▶ **Available data**
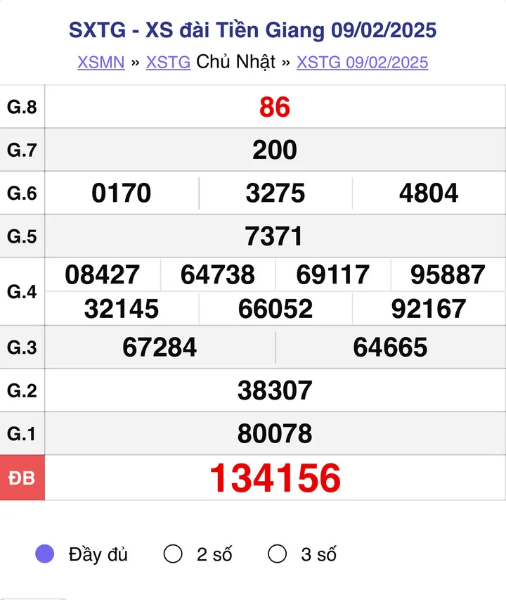 Trực tiếp Kết quả xổ số Tiền Giang hôm nay - Kết quả XSTG 16/3 - XSTG hôm nay Chủ nhật ngày 16/3/2025.
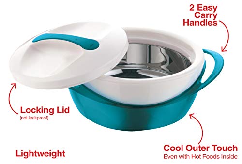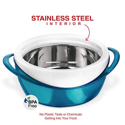 Pinnacle Large Insulated Casserole Dish with Lid 2.6 qt. Elegant Hot Pot Food Warmer/Cooler -Thermal Soup/Salad Serving Bowl Stainless Steel Hot Food Container–Best Gift Set for Moms –Holidays Teal
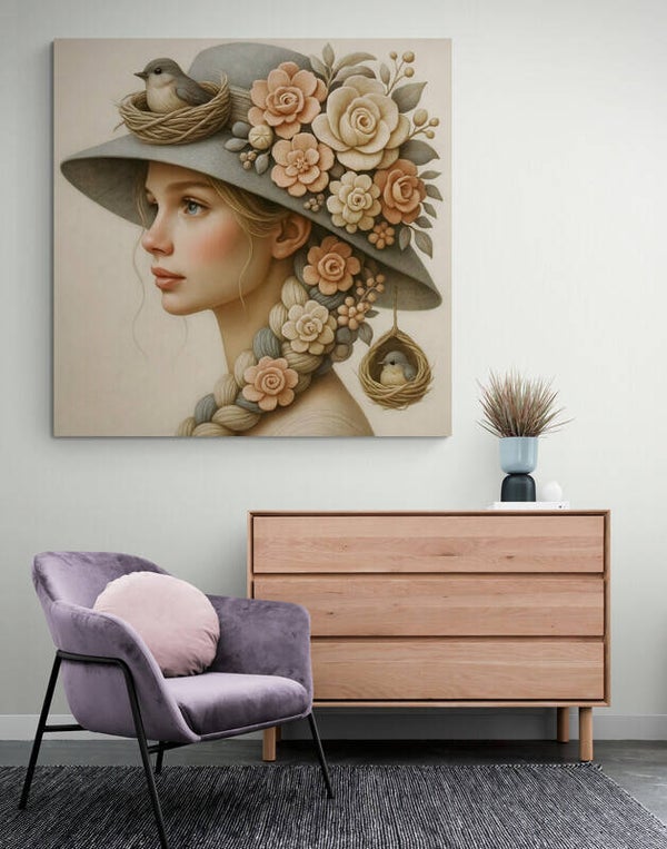 Een meisje in profiel met vlecht en hoed, versierd met bloemen en een vogelnestje. De subtiele penseelstructuur maakt dit portret schilderachtig en verfijnd. De zachte pasteltinten van zalmroze, beige en grijsblauw geven het werk een dromerige, natuurlijke uitstraling. Perfect als wanddecoratie voor een rustgevende slaapkamer, een romantische woonkamer of een sfeervol landelijk interieur.

▶ **Task item**
Repeat, line for line and exactly, the material from its first line through the line that contains "Pinnacle Large Insulated", both ends included; no pictures belong in the copy.

▶ **Output below**
 Trực tiếp Kết quả xổ số Tiền Giang hôm nay - Kết quả XSTG 16/3 - XSTG hôm nay Chủ nhật ngày 16/3/2025.
 Pinnacle Large Insulated Casserole Dish with Lid 2.6 qt. Elegant Hot Pot Food Warmer/Cooler -Thermal Soup/Salad Serving Bowl Stainless Steel Hot Food Container–Best Gift Set for Moms –Holidays Teal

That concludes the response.